Entretanto, vale salientar que não é qualquer lei que torna democrático o Estado de Direito, mas, sim, normas que visem a concretização da igualdade e da justiça, não que seja composta pela sua generalização, mas, sobretudo, pela busca da igualização das condições dos socialmente desiguais (DA SILVA, 2002).
Complementando, José Afonso da Silva (2007, p. 121), afirmou que:
Não é equívoco dizer-se que no Estado de Direito, a lei é um valor basilar a ser considerado e respeitado, mas que, por ser democrático, o Estado deverá efetivar as normas e preceitos normativos que respaldem valores tais que concretizem a igualdade e a justiça, principalmente.
Assim, diante desse entendimento é possível compreender o que vem a ser um Estado Democrático, no qual se entende que é, assim, aquele no qual há a soberania popular, é dizer, aquele que exige a participação efetiva e positiva do povo na res publica, mas que não se encerra na simples formação de instituições representativas ou na democracia representativa, mas que impõe, isto sim, a participação da população nas decisões importantes do Estado.
Sob outra vertente, poder-se-ia afirmar que o Estado, em contraponto ao Estado Liberal, é aquele que todos têm direito igualitário à participação, atuação esta que a própria Carta Fundamental deve exigir e reclamar dos cidadãos e, por isso, conforme enuncia José Afonso da Silva (2007, p. 118):
Invoca-se, não raras vezes, o Estado Social de Direito, para ultrapassar aquele conceito clássico e liberal de Estado Democrático, como sendo tão somente aquele no qual se respeita a legalidade das normas, para estabelecer-se, entre a democracia e a igualdade, um nó górdio que não se desata ou que, uma vez cortado, implica na inviabilidade de ambos os conceitos, Estado esse no qual a concepção mais recente do Estado Democrático de Direito reflete exatamente um processo de efetiva incorporação de todo o povo nos mecanismos do controle das decisões, e de sua real participação nos rendimentos da produção.
Segundo lição de Alain Touraine (1996, p. 50), sociólogo francês estudioso da área, o conceito de democracia não se restringiria tão só à existência de poderes separados e independentes, ou mesmo pela preexistência de normas legais a prescrever, permitir e sancionar as condutas, pois que:
A democracia é um conceito muito mais amplo, que se define pela natureza dos elos entre a sociedade civil, sociedade política e Estado. [...], caso haja vasta influência de cima para baixo, não haverá democracia, que necessita, sim, que sejam os cidadãos os atores sociais que orientam seus representantes.
O entendimento é de que a democracia, para que subsista e se realize plenamente, impõe a efetivação dos direitos fundamentais, pré-requisitos que são para uma sociedade justa e igualitária.

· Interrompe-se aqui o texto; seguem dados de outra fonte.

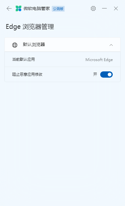 最后,微软电脑管家还可以对Edge浏览器进行管理,我们可以将它的阻止恶意应用修改功能的开关滑动打开,以此来保护我们在使用Edge浏览器访问网页的安全性。

Diante disso, complementando, Alain Touraine (1996, p. 43), assevera que:
A democracia existe realmente quando a distância que separa o Estado da vida privada é reconhecida e garantida por instituições políticas e pela lei. Ela não se reduz a procedimentos porque representa um conjunto de mediações entre a unidade do Estado e a multiplicidade dos atores sociais. É preciso que sejam garantidos os direitos fundamentais dos indivíduos; é preciso também que estes se sintam cidadãos e participem da construção da vida coletiva. Portanto, é preciso que estes dois mundos – o Estado e a sociedade civil – que devem permanecer separados, fiquem também ligados um ao outro pela representatividade dos dirigentes políticos.
A compreensão é de que essas três dimensões da democracia – respeito pelos direitos fundamentais, cidadania e representatividade dos dirigentes – completam-se; aliás, é a sua interdependência que constitui a democracia.
Saliente-se que não se objetiva essa breve discussão em discorrer sobre as diferentes formas de democracia possíveis, consoante seja o Estado liberal, Constitucionalista ou Conflitual (como na França, por exemplo).
Mas, qualquer que seja o Estado de Direito de que se trate, todos somente terão o distintivo da democracia, não somente pela existência de poderes independentes, mas, isto sim, pelo grau de concretização que o Estado atribui aos direitos fundamentais, corolários que são dos direitos humanos universais: a democracia envolve, assim, mais do que a representatividade dos dirigentes ocupantes dos cargos políticos, pois segundo Alain Touraine (1996, p. 51-88): “o aumento do controle do maior número de pessoas sobre sua própria existência” e o aumento da capacidade de “reduzir a injustiça e a violência”.
Então, como entender o Estado Democrático de Direito? Como mencionado anteriormente, o Estado Social de Direito nem sempre foi capaz de assegurar a democracia, não obstante a busca pela justiça social e a obediência aos ditames da lei.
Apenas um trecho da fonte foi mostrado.